*** The records

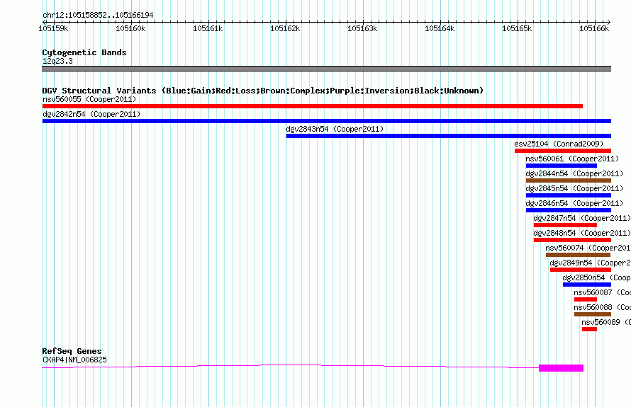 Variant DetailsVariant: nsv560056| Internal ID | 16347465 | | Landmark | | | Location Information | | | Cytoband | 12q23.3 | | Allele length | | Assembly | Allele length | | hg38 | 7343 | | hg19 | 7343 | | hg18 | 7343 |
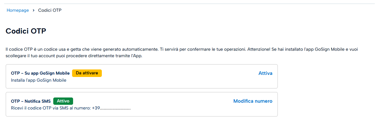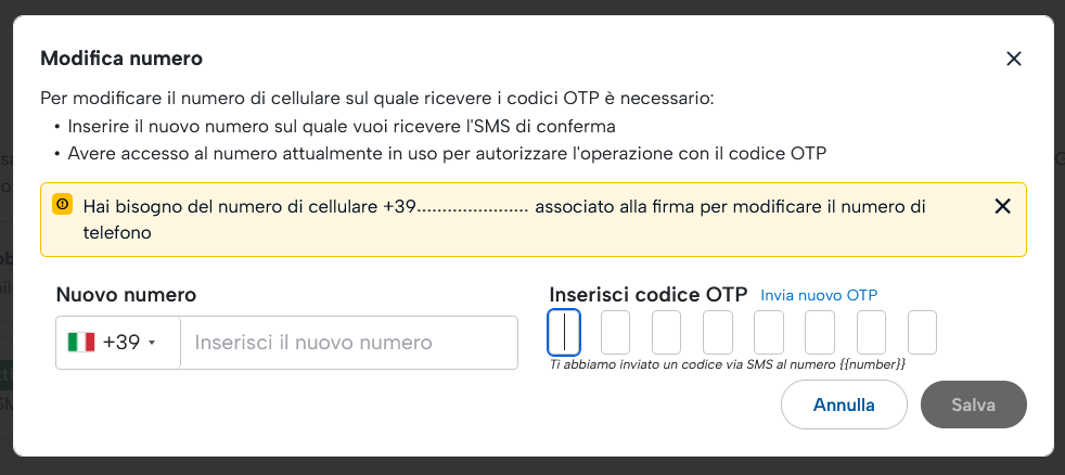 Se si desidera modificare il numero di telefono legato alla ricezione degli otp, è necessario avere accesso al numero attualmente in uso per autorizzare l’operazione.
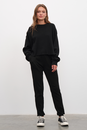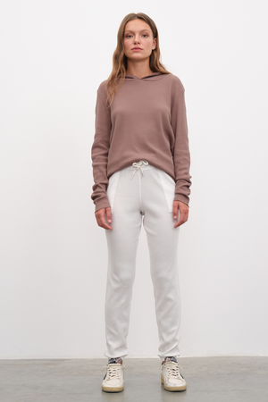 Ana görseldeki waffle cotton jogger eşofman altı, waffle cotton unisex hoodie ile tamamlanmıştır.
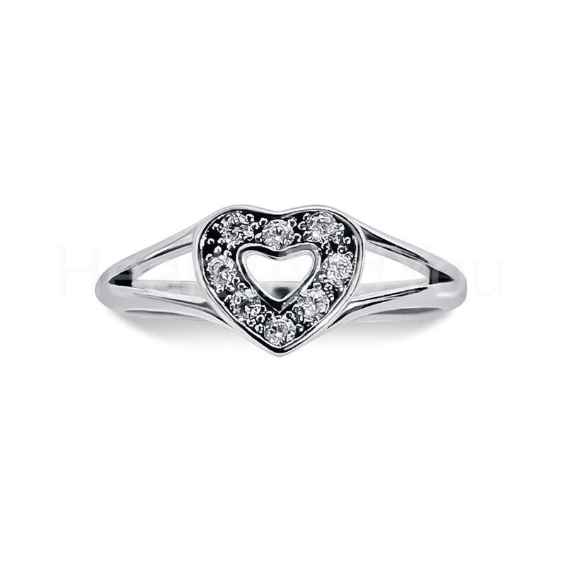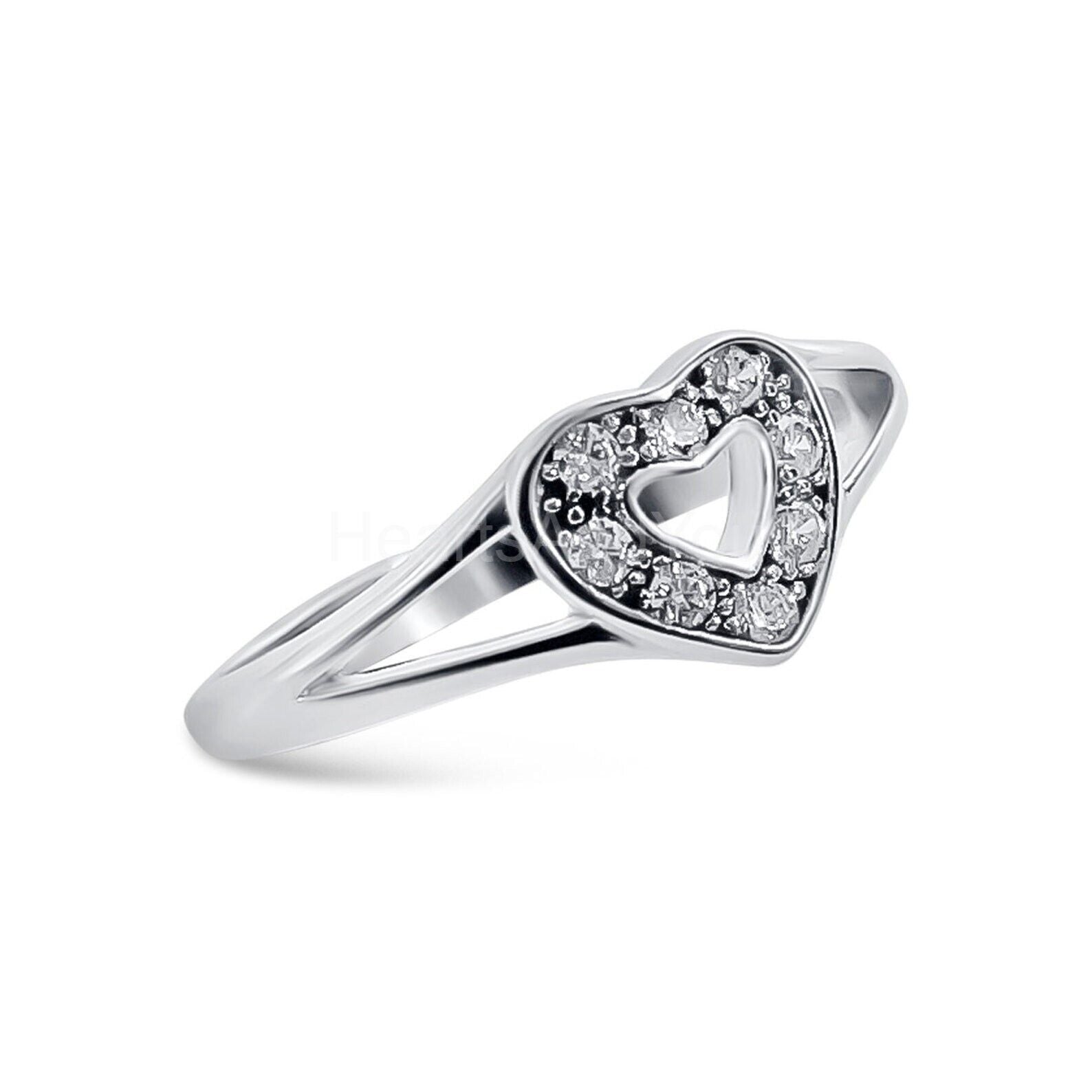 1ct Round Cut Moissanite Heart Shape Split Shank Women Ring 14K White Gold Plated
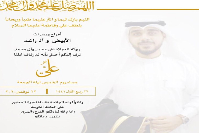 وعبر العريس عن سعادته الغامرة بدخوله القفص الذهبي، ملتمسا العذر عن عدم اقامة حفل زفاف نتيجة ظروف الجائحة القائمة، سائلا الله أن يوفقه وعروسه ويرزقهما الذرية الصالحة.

******
*** The records

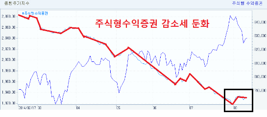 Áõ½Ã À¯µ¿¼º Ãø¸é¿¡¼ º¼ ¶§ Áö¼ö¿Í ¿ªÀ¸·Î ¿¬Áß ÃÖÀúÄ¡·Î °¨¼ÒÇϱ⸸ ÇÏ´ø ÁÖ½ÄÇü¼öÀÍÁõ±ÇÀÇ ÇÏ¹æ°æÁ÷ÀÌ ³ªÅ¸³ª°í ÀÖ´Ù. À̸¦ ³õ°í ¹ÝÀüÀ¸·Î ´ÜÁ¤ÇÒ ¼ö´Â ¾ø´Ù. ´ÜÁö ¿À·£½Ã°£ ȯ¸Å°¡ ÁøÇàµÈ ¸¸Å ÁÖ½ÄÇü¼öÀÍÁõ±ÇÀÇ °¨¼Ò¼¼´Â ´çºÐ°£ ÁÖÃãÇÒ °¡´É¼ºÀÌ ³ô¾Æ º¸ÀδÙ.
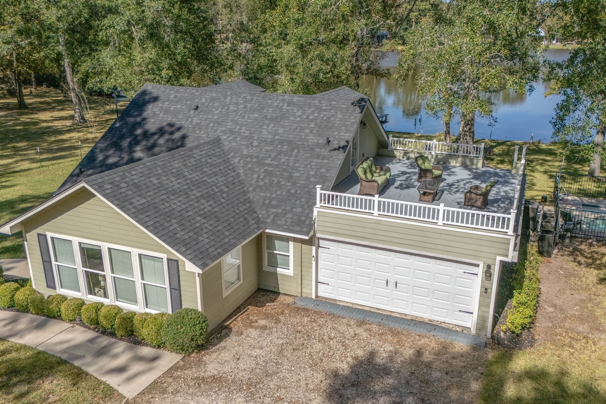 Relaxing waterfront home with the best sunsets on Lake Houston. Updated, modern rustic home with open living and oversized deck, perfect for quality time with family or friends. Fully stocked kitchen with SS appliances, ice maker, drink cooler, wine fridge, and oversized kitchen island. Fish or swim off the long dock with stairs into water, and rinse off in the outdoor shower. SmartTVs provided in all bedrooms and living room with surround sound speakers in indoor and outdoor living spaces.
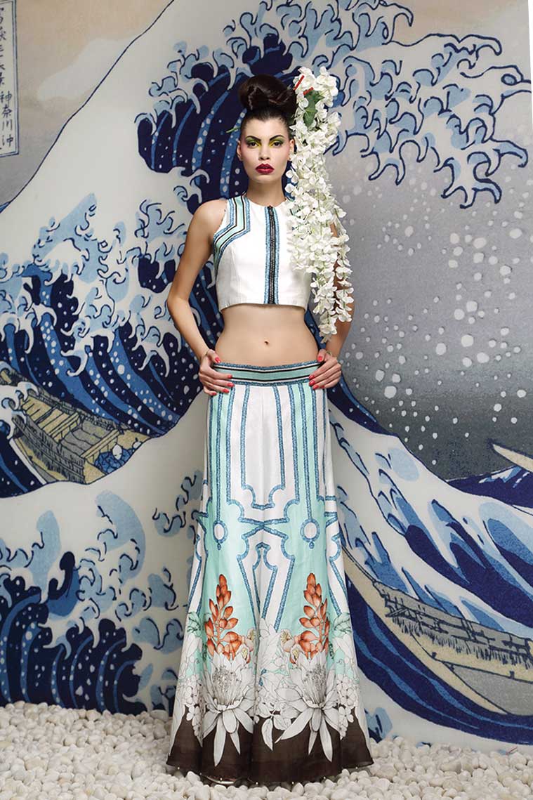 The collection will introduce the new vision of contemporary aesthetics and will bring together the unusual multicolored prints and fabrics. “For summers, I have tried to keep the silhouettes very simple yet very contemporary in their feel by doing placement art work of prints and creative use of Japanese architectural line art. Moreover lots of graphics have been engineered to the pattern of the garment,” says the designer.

******
*** The records

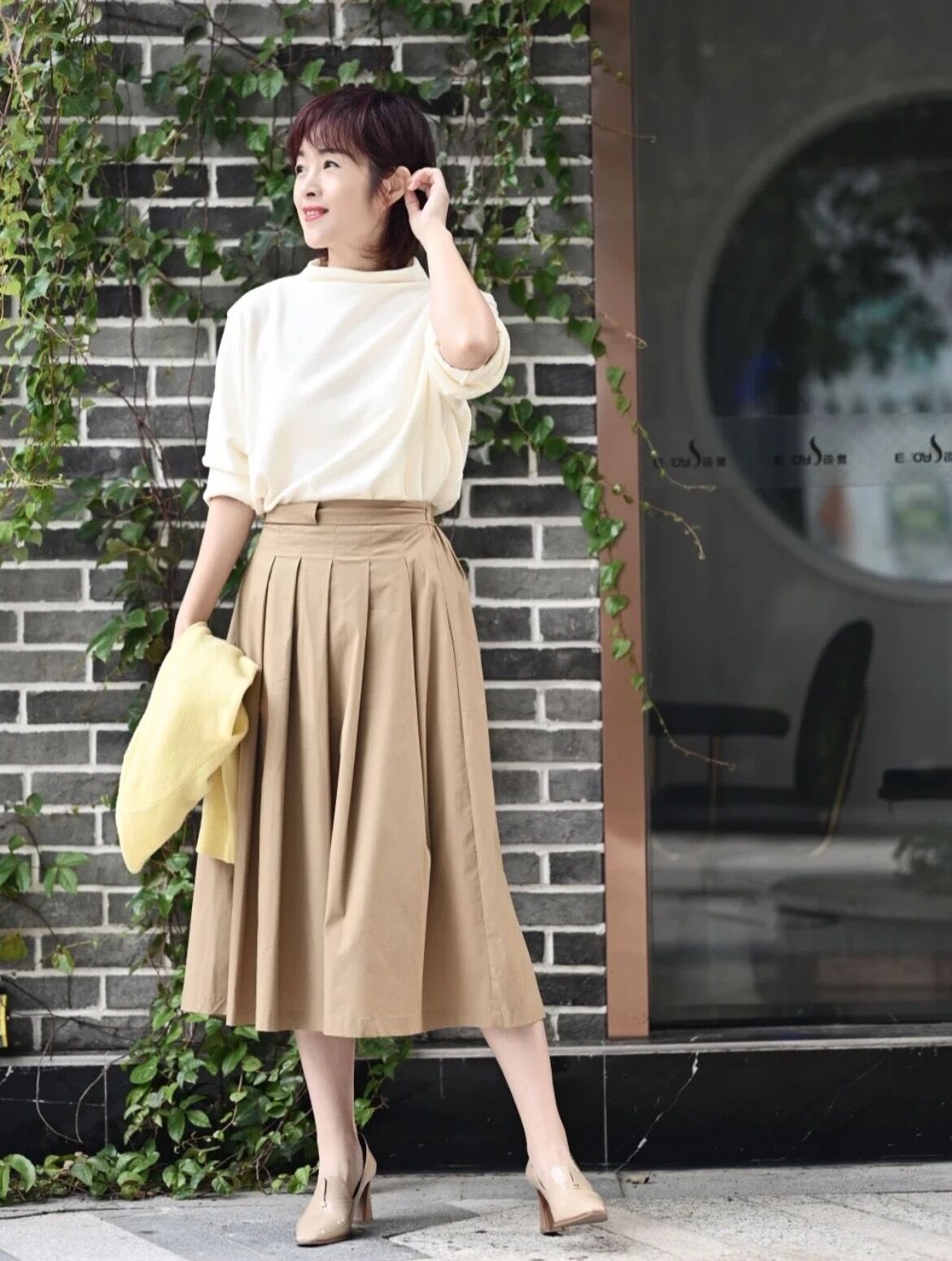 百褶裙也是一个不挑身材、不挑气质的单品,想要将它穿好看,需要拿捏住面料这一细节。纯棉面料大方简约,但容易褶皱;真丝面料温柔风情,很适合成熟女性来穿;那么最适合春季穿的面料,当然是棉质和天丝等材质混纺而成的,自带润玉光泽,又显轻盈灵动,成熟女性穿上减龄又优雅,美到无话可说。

******

■ **Task item**
When you reach the line holding "Variant DetailsVariant: nsv560056|" in the listing above, begin retyping exactly, and stop once the line holding "وعبر العريس عن" is done; pictures stay out.

■ **Exercise solution**
 Variant DetailsVariant: nsv560056| Internal ID | 16347465 | | Landmark | | | Location Information | | | Cytoband | 12q23.3 | | Allele length | | Assembly | Allele length | | hg38 | 7343 | | hg19 | 7343 | | hg18 | 7343 |
 Se si desidera modificare il numero di telefono legato alla ricezione degli otp, è necessario avere accesso al numero attualmente in uso per autorizzare l’operazione.
 Ana görseldeki waffle cotton jogger eşofman altı, waffle cotton unisex hoodie ile tamamlanmıştır.
 1ct Round Cut Moissanite Heart Shape Split Shank Women Ring 14K White Gold Plated
 وعبر العريس عن سعادته الغامرة بدخوله القفص الذهبي، ملتمسا العذر عن عدم اقامة حفل زفاف نتيجة ظروف الجائحة القائمة، سائلا الله أن يوفقه وعروسه ويرزقهما الذرية الصالحة.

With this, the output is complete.